Many times, I feel compelled to go back to my tried and true statement, legislation can not keep track of, or even begin to hope to keep up with advances in computer technology. The flavor of the day has been for a long time, "torrents", torrent this, torrent that, and a good number of computer users would probably be hard pressed to tell you what a torrent actually is. Next week, month, year...it won't be a torrent that is under fire from legislators, it will be something else, suitably named a "thingamawhoziewhatsit". If we start breaking up data into slugs (not packets) and when able to be tracked, they're called thingamawhoziewhatsit's, legislation will all have to be rewritten to ban these horrible abuses of technological power called, not torrents, but thingamawhoziewhatsit's.
Thank all the powers that be and anyone else I can think of, that I do NOT reside in France. How, are they going to accomplish this, which, according to the majority of French ISP's is going to cost millions of Euros annually to even begin to enforce?

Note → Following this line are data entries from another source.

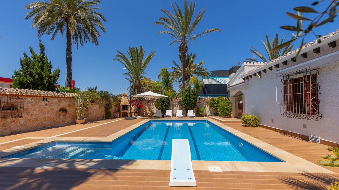 We present this charming villa located in one of the most privileged areas of the Costa Blanca: Punta Prima, just a few steps from the sea. The property has a built area of 168 m², set on a spacious 540 m² plot, offering privacy, comfort, and ample outdoor space to enjoy. The villa features 4 spacious bedrooms, 2 full bathrooms, a bright living-dining room with direct access to the exterior, and a modern fully equipped open-plan kitchen. Outside, the property boasts a private pool, barbecue area, sunny terraces, and a Mediterranean garden – ideal for enjoying the climate all year round. Punta Prima is a well-established coastal area, known for its direct access to the sea, fine sandy beaches, natural coves, and peaceful environment. All essential services are nearby: restaurants, supermarkets, pharmacies, shopping centres such as La Zenia Boulevard, and excellent road connections. Just 10 minutes by car from the centre of Torrevieja, and surrounded by golf courses, sports facilities, and green areas.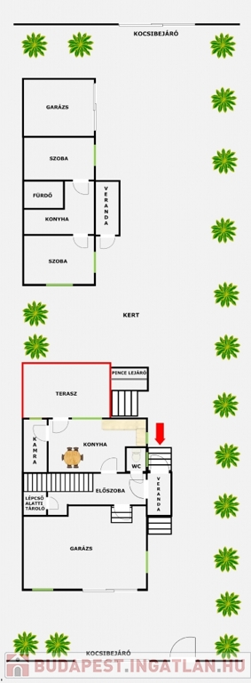 XVI. Rákosszentmihályon, a Szilas-pataknál, kitűnő közlekedés és ellátottság mellett, csendes, kellemes környezetben, erdő mellett, frissen aszfaltozott, térkövekkel szegélyezett zsákutcában (átmenő autóforgalomtól mentes), 80-as években jól megépített, dupla főfallal elválasztott, bruttó 181 m2-es, kétgenerációs ikerház, mely egy 124 m2 lakóterű, két szintes nagyobb és egy 35 m2 lakóterű kisebb ikerházból áll, 432 m2-es, lekerített, saját kerttel! Tartozik a nagyobbik házhoz ezenfelül még egy 15 m2-es, nagy, fedett terasz, ami alatt pince van és akár beépíthető is, valamint a kisebbik házhoz még egy 22,5 m2-es saját garázs. A telek két utcáról, két kapubejáróval rendelkezik, így a két ház külön kapuról megközelíthető! Mindkét ház jól megépített, lakható állapotú, de a mai kor igényeinek nem felel meg. Az ingatlan saját, egyedi mérőórákkal rendelkezik (víz, villany, gáz)! Az M0, M3, Pólus és Ázsia center, Lidle, Spar könnyen megközelíthető! Pékség, játszótér, iskola, zöldséges, dohánybolt, Spar expressz, lottózó, fagyizó, posta, gyógyszertár, festékbolt, barkácsbolt, kertészeti bolt, víz-gáz szerelvénybolt stb... rövid sétatávolságon belül! Busz 2 perc séta, amivel Örs vezér tere 20 perc alatt elérhető. A szomszédság kiváló! Az ingatlan rugalmasan megtekinthető! Irányár: 116,9 M Ft.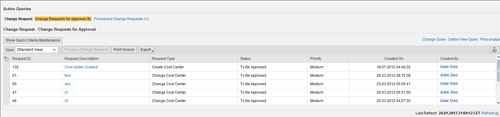 I now use the Cost Center Manager role that I referred to earlier to select and approve the change request. Figure 21 shows the approver worklist (Change Requests for Approver) within the cost center manager role. You also notice a second worklist showing those requests submitted by this user (My Change Requests).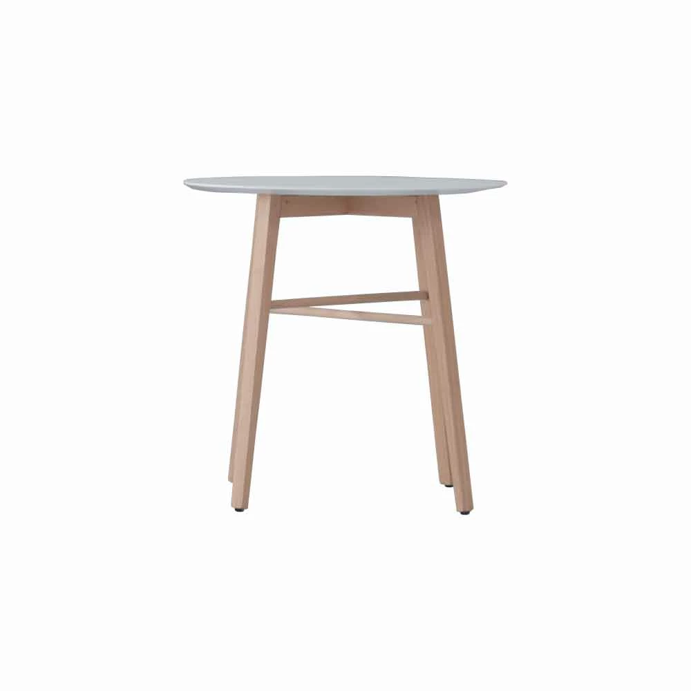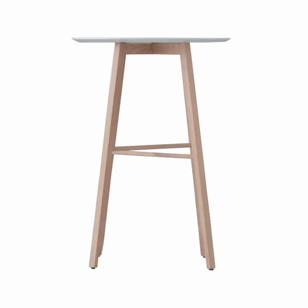In feite ondersteunt de kruisvormige voet in massief eiken met vier poten een MDF- blad bedekt met een witte polymeerplaat.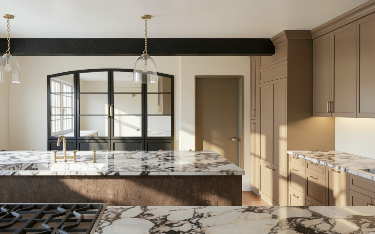 wintertime with just sky and clouds for the background and small shrubs and small pine trees in the foreground add a hot tub on the lower level patio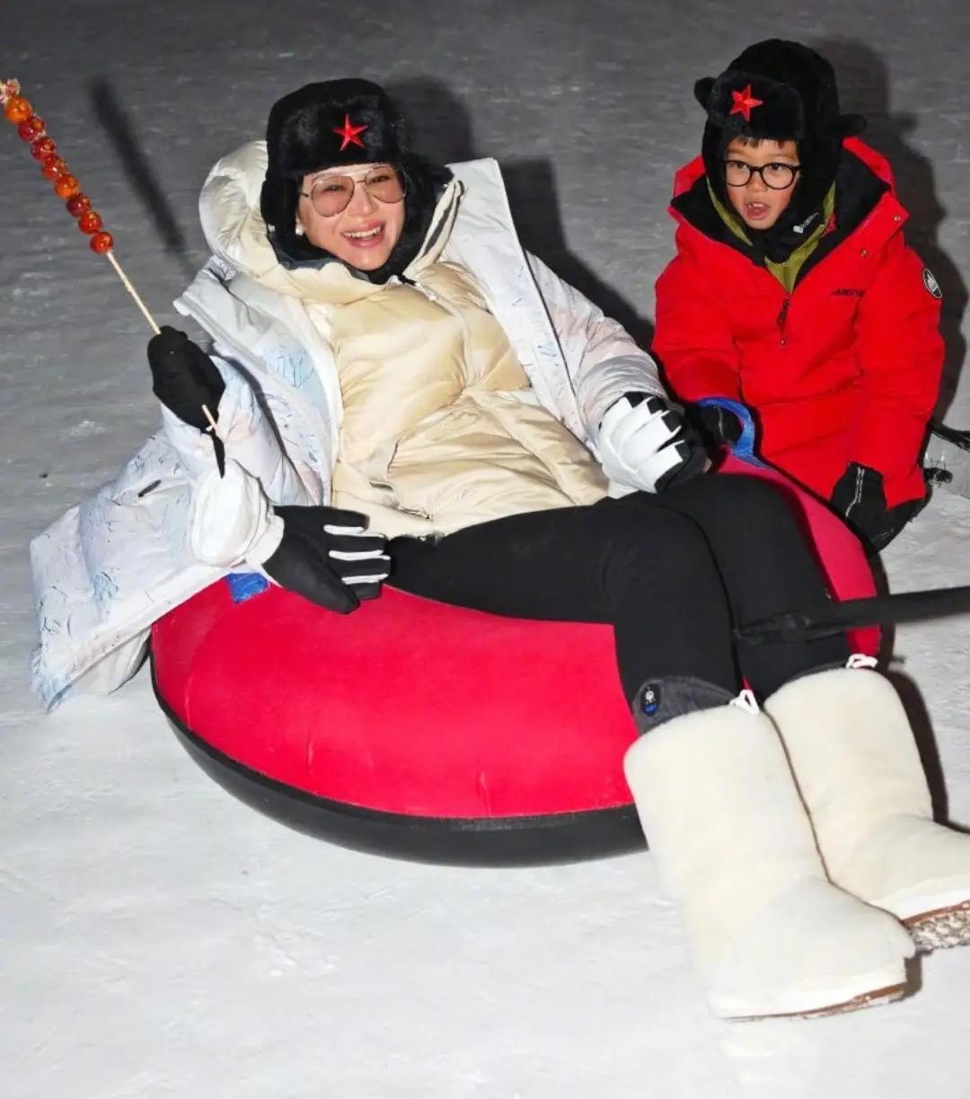 胡杏兒一家遊哈爾濱,套5層衣服凍出“高原紅”,三兒子長勢喜人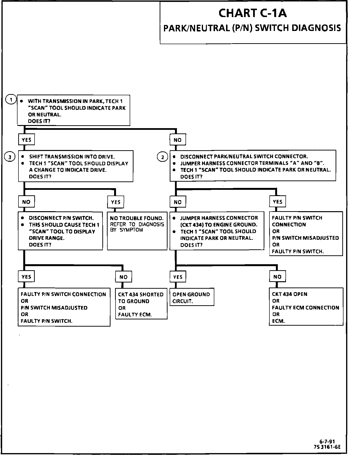 Chart C-1A, Park/Neutral Switch Diagnosis: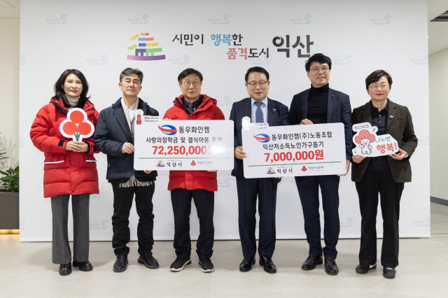 동우화인켐㈜(공장장 이연배)는 29일 익산시청을 찾아 지역사회 상생과 나눔 문화 확산을 위해 성금 7925만 원을 기부했다.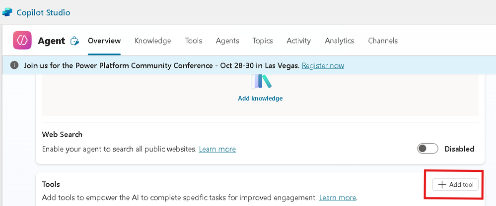 Make sure it is “Enabled” if you have other tools attached to the same agent, disable them for now for testing.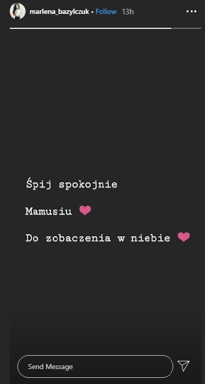 Śpij spokojnie Mamusiu. Do zobaczenia w niebie – napisała na swojej instagramowej relacji.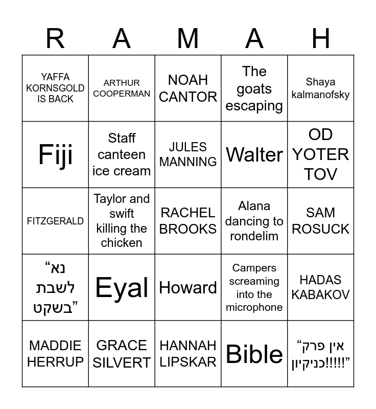 This bingo card has 36 words: When your laundry gets lost, Grilled cheese and French fries lunch, Bishul dinner, Staff canteen ice cream, Campers screaming into the microphone, “נא לשבת בשקט”, JULES MANNING, Gesher initiation, Shaya kalmanofsky, Chef scott, Taylor and swift killing the chicken, The goats escaping, “אני רוצה בבקשה”, Alana dancing to rondelim, OD YOTER TOV, YAFFA KORNSGOLD IS BACK, “אין פרק כניקיון!!!!!”, Eyal, RACHEL BROOKS, NOAH CANTOR, SAM ROSUCK, HADAS KABAKOV, GRACE SILVERT, MADDIE HERRUP, HANNAH LIPSKAR, ARTHUR COOPERMAN, FITZGERALD, Beef, Walter, Fiji, Glitters, Rashbam, Bible, Howard, Shaya fest and Friday night shira.

Simple answer, the legislation is going to fail, in gamer parlance, "epically". France Digital Copyright legislation pwned by ignorance, that'll be the new headline, and like the French First Ladies third album, it will be "As If Nothing Had Happened".
Darn France for putting me in the same boat as a Socialist Parliamentarian, namely Patrick Bloche, who said the bill was "dangerous, useless, inefficient, and very risky for us citizens". Oh well, he's right.